The coherence value of each frequency band (under 0.025 Hz, 0.025–0.05 Hz, 0.05–0.1 Hz, 0.1–0.2 Hz, 0.2–0.5 Hz, 0.5–1 Hz, 1–2 Hz, 2–3 Hz, and 3–4 Hz) was first submitted to a one-way ANOVA with a within-subject variable, and the result indicated that the main effect of frequency band was significant, F(8, 328) = 27.25, p < .001, η2p = 0.40. Holm’s multiple comparison identified 0.5 Hz as the boundary of the extent of synchrony. The coherence value decreased as the frequency become higher, and there was a significant difference between each frequency band.
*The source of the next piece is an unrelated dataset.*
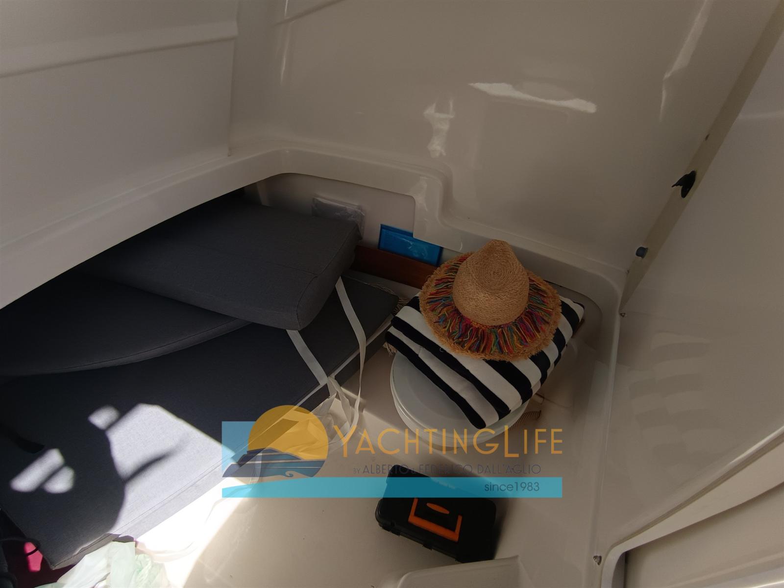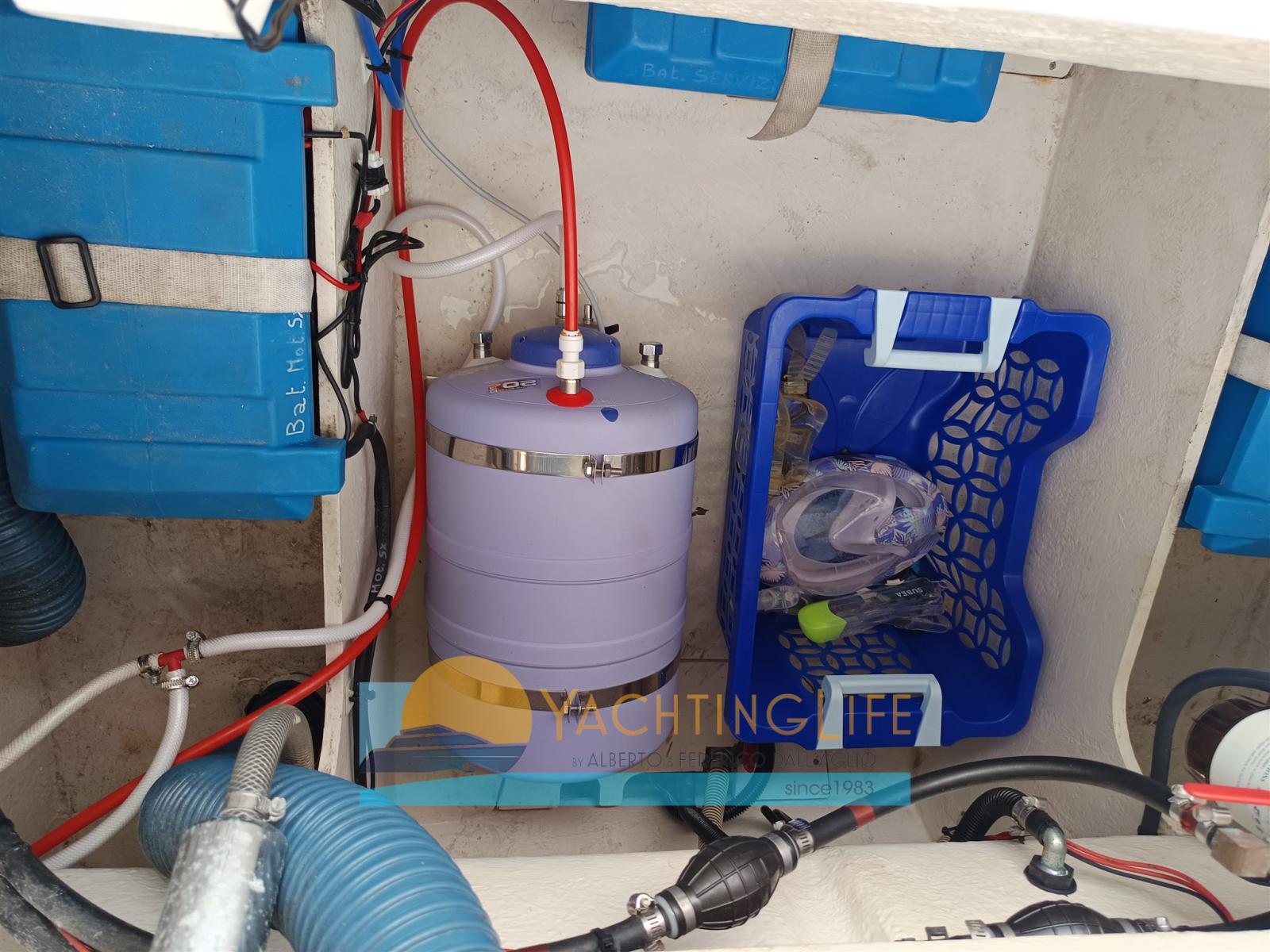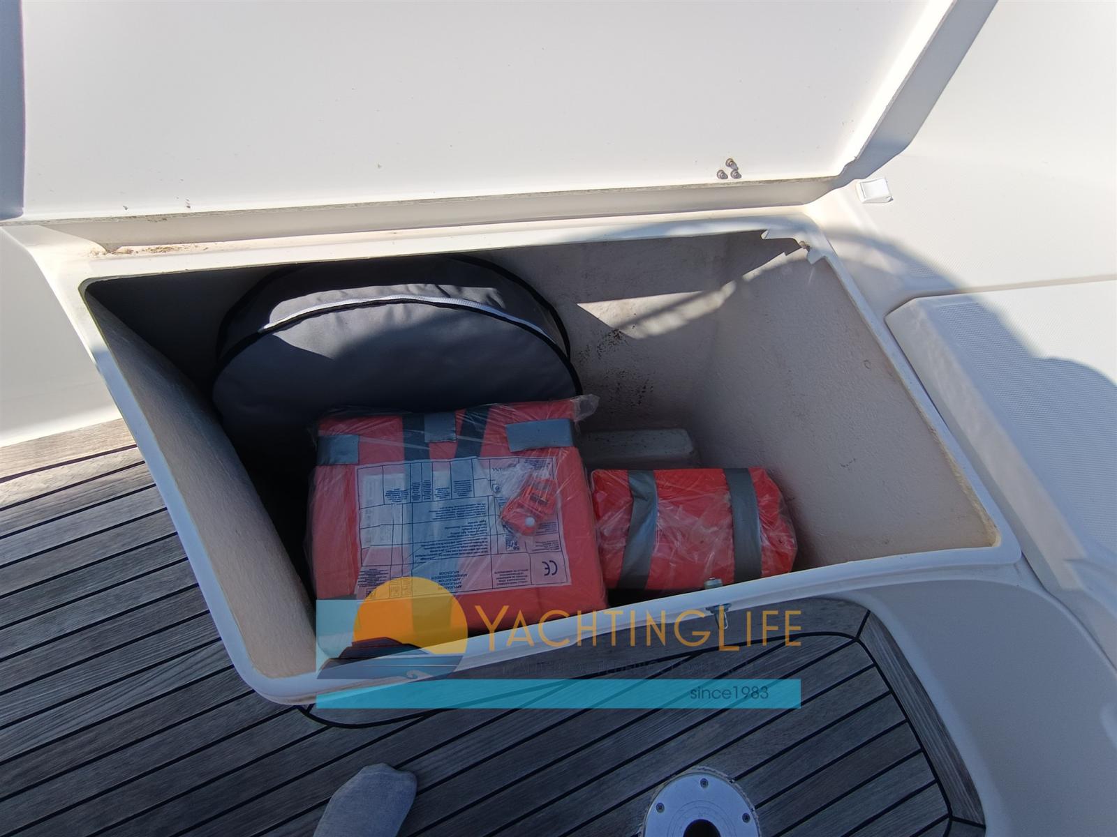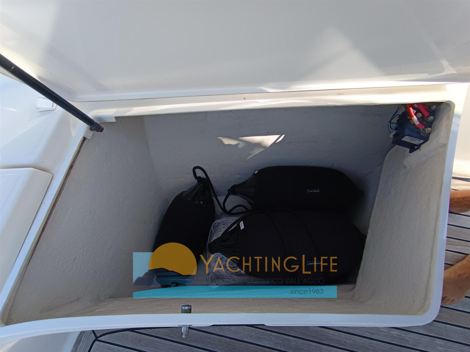Engine Alarm, Water pressure pump, Batteries (Nuove 2025), Special Colour (Grigio 2025), Deck Shower, Headlights fixed on the stem, Washbasin in the cockpit, Fenders, Automatic Bilge Pump, Entry door, Teak Cockpit, Shorepower connector, Electric Windlass, swimming ladder, Horn, T-Top.

Additionally, the WTC of each frequency band was significantly correlated with those adjacent to it (Table 1).

Table 1 The mean score and correlation of WTC in each frequency band

Commonality Analysis

A simple multiple regression demonstrated that some WTCs were highly correlated with each other, biasing the results such that the WTC of each frequency band had no significant effect on rapport (Ndyad = 42, M = 5.94, and SD = 1.23). On the contrary, the result of commonality analysis suggested that the WTC under 0.025 Hz, 0.5–1 Hz, and 1–2 Hz had a positive impact on rapport (Table 2) such that the WTC under 0.025 Hz had a relatively strong unique effect, while the WTCs of 0.5–1 and 1–2 Hz had an almost common effect, which suggested that the WTC around 1.0 Hz could have an impact on rapport.

Table 2 Summary of commonality analysis (Ndyad = 42)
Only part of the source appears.